Why Spanish soldiers should care that she thought of them any better than she did, she had no idea. But they had put her in here to nurse her husband, which was worth far more than any apologies. She had been weeping, barely able to breathe for grief until they told her Frank was alive. They'd also told her they did not have enough jailers to nurse all the injured prisoners, and needed the cell space anyway.



It helped that the Spaniards were using Roman jailers, who didn't seem all that enthusiastic about keeping prisoners for the Spanish Inquisition. They were doing their best to keep everyone in the cell block healthy and comfortable.

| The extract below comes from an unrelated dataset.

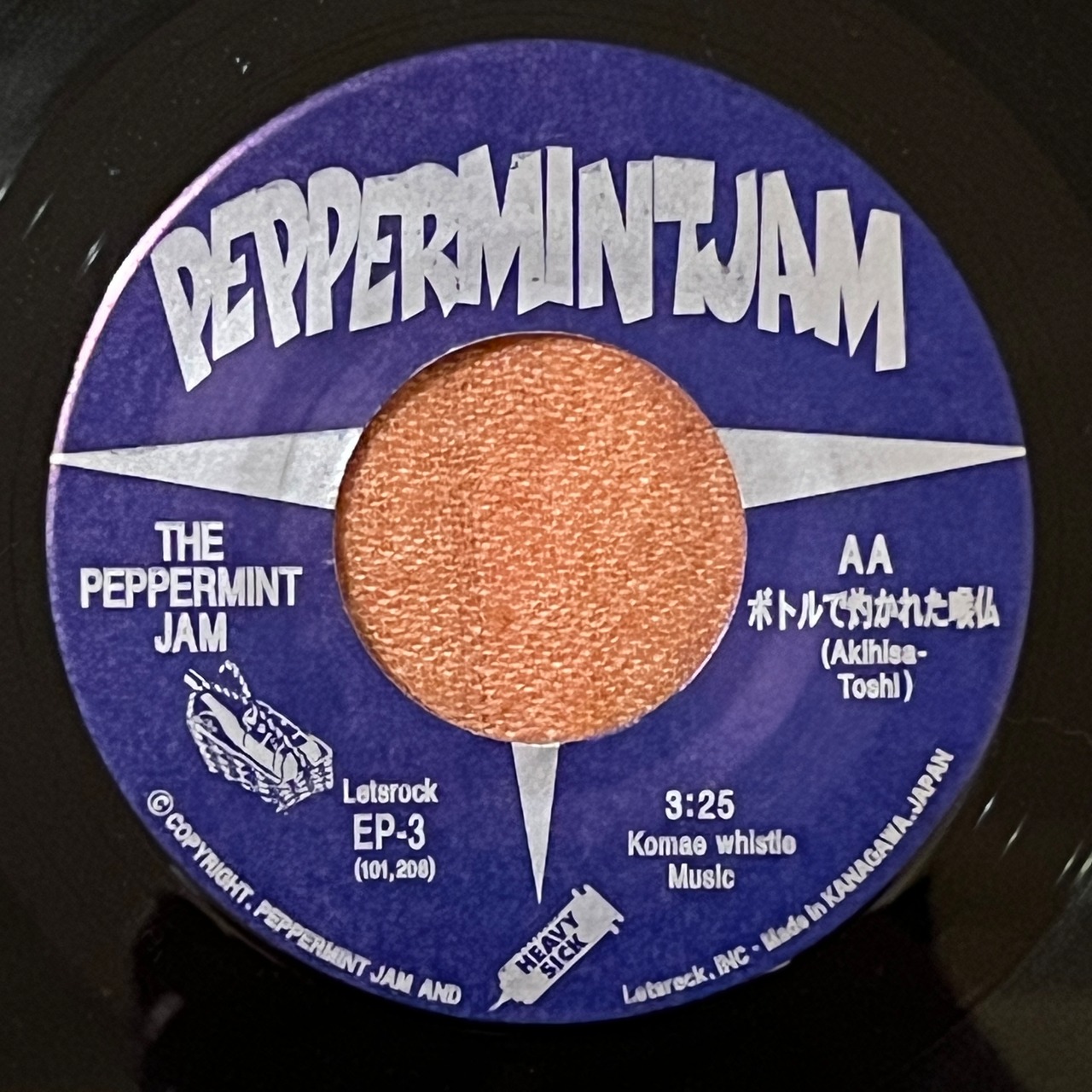 PEPPERMINT JAMは2000年代初頭に活動した日本のロカビリーバンド。荒々しくもストレートなサウンドで、国内のロカビリーシーンの中でも独自の存在感を放った。2002年にリリースされた7インチシングル『Let Go Crazy』は、A面に疾走感あふれるタイトル曲、AA面には酒場の熱気を感じさせる「ボトルで灼かれた喉仏」を収録した強力な2曲入り。わずかなプレス数で制作され、リリース当時からライブ会場や一部ショップでの流通に限られていたため、現在でも流通数は極めて少なく、コレクターズ・アイテムとして高い人気を誇る。ギターの荒削りなリフとスラップベースのグルーヴが一体となり、当時の熱量を真空パックしたかのような一枚。現在のシーンでも色褪せないエネルギーを放つ、ファン必携のレアシングル!

And Frank still slept. She had heard stories of people who never awoke after head injuries, and every hour Frank slept made her think about them some more. He had the beginnings of a fever, too. If any of his wounds became gangrenous, only the mercy of her jailers would bring a doctor to save him from it.



There was a rattle of keys in the corridor. Someone was coming.



"Señora?" The voice wasn't the usual jailer, a native Roman, but a Spanish-accented voice. Giovanna put down the jug and stepped away from the door when the spyhole clacked open. There was murmured conversation outside and then another rattle of keys. The door opened and it was the Spanish captain who had had her captured but let everyone else go. And who had had Frank shot.